Have just returned from the Marsden where for the first time recently, everything seems to be good.(!) Including CA125
Didn't want to tell you too much earlier as thought it might discourage some of you but have had three two unit blood transfusions since starting this at the end of June, nearly collapsed in the street whilst taking my dog out just prior to the last b/t, had the drug stopped for a few days and am now on a reduced dose.
On a positive note, everybody very happy today...nurses said quite a few people have had similar side effects to me,except I think the need to hang on to a lamp post(!) and they are now compiling a data base to monitor. Why this was not talked about much in the trial info am not sure, but reading between the lines they do require frequent blood monitoring at the beginning of treatment so suspect they had an inkling(!)

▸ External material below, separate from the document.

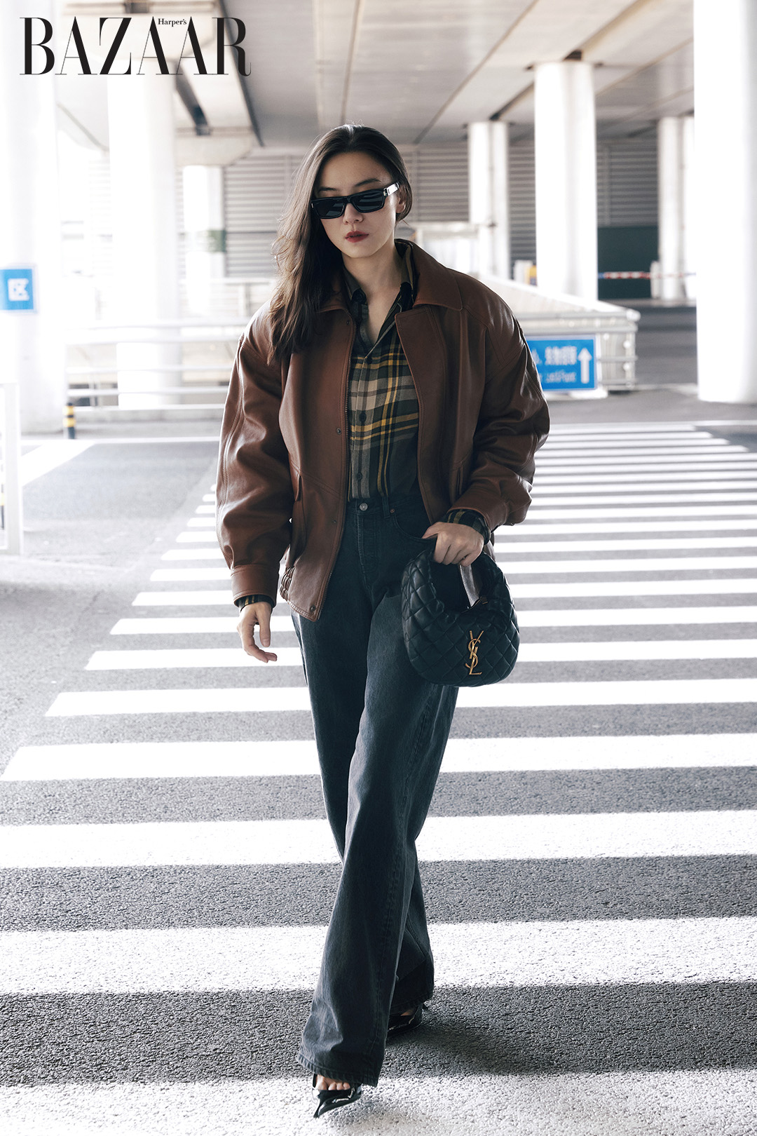 Tống Giai urban chic, như đang sẵn sàng cho cơn gió lạnh mùa thu đông. Chiếc áo khoác da nâu dáng rộng tạo nên vẻ mạnh mẽ và cá tính. Chất liệu da mềm khiến dáng áo đứng form nhưng không hề cứng, giữ được vẻ phóng khoáng tự nhiên. Bên trong, cô diện áo sơ mi kẻ caro tone trầm, phối layer tinh tế để tạo sự hài hòa nhưng vẫn đảm bảo chiều sâu thị giác. Cô kết hợp outfit với quần jeans ống suôn phủ gót để trông cao ráo hơn. Kính râm đen tăng thêm nét bí ẩn, sắc lạnh. Hoàn thiện tổng thể là đôi giày mũi nhọn đen, tạo đường line sắc sảo cho dáng đứng lẫn dáng đi, đồng thời bổ sung nét thanh lịch cho toàn set đồ.

Anyway am going on a cruise on Sunday and onc. did not seem phased by the fact that I am going on my own with the kids, whilst my husband stays at home to look after the dogs and paint the hall!
May increase the dose on my return.
Anyway, you lovely ladies please don't be put of this drug but equally recognise that so far, unfortunately, nothing is perfect for everyone. However, if you do go on it stick with it through the initial period. I was tempted not to at times.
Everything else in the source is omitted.